У Пушкина (еще раз) он твердо знает, что он не Димитрий, разглагольствовал (зануда) Макушинский (уже без хохота пишет Димитрий); что он всего лишь Григорий, Гришка; и если не Гришка, то Юшка, Богданов сын, из роду Отрепьевых, беглый монах, злой чернец, обманщик и самозванец. Но — вот они, вопросы веры-то, самые в мире мучительные, — но ему так хочется поверить в свой же обман, так жаждет он поверить в свой же обман, так мечтает он наконец уже поверить в свой же обман, рассказывал нам Макушинский, расхаживая между фанерными креслами в том маленьком зальчике, где мы играли и репетировали, в зимнем свете, падавшем из освобожденных от черных штор окон, — так мечтает он, Гришка Отрепьев у Пушкина, уже поверить, наконец, что он и в самом деле Димитрий, так стремится сделаться и вправду Димитрием (мною! мною! — пишет Димитрий), что — что?
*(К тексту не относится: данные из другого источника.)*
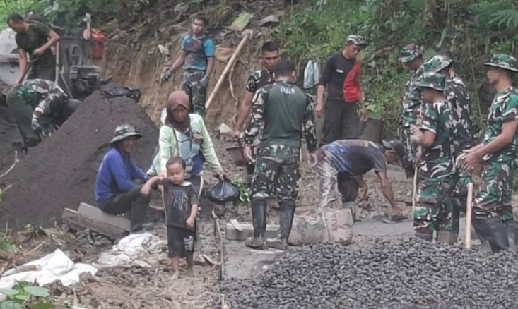 Sambil menggandeng cucu tercintanya, Lukas (4), Ibu Iya berjalan kaki pulang dari sawah menyusuri jalan yang tengah dalam proses pengecoran. Di tengah deru mesin dan kesibukan para prajurit, ia memberanikan diri menyapa salah satu anggota Satgas, Koptu Agus Suryatno.
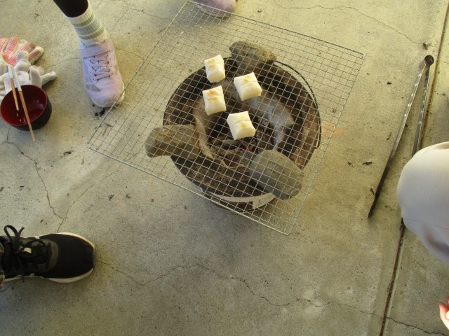 野外活動クラブは火を起こしてお餅を焼いていました。
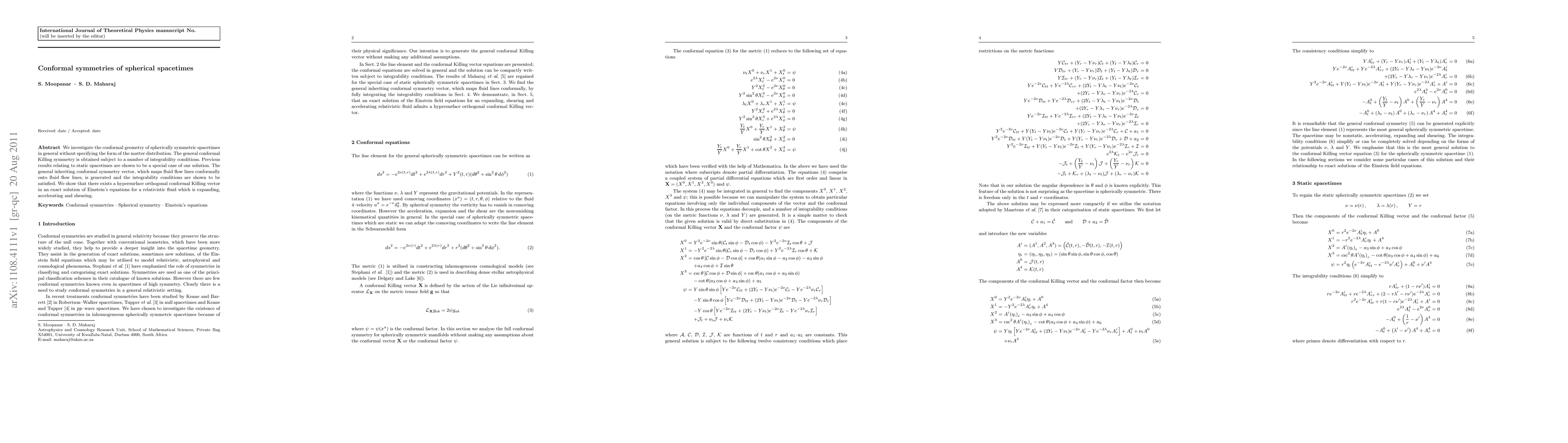 This paper explores the conformal geometry of spherically symmetric spacetimes, deriving general conformal Killing symmetries and showing that static spacetime results are a special case. It also identifies a hypersurface orthogonal conformal Killing vector in an exact solution for an expanding, accelerating, and shearing relativistic fluid.

Вот что — что? А то, что все очень сложно, сударыня, все очень запутано, и вопросы веры — самые мучительные в этом мучительнейшем из миров. Потому что никто не знает, кто он на самом деле; и тот, кто делает вид, что знает, тот обманывает других и себя… И потом, сударыня, позвольте спросить вас (с новой и столь же внезапной яростью пишет Димитрий); позвольте спросить вас: неужели нет у нас выбора? Мы, что же? не можем выбрать себя такого или себя другого? мы, что же? не вольны над собою? мы, по-вашему, над собою не властны? Если мы не властны, то кто же, сударыня, кто же властен над нами?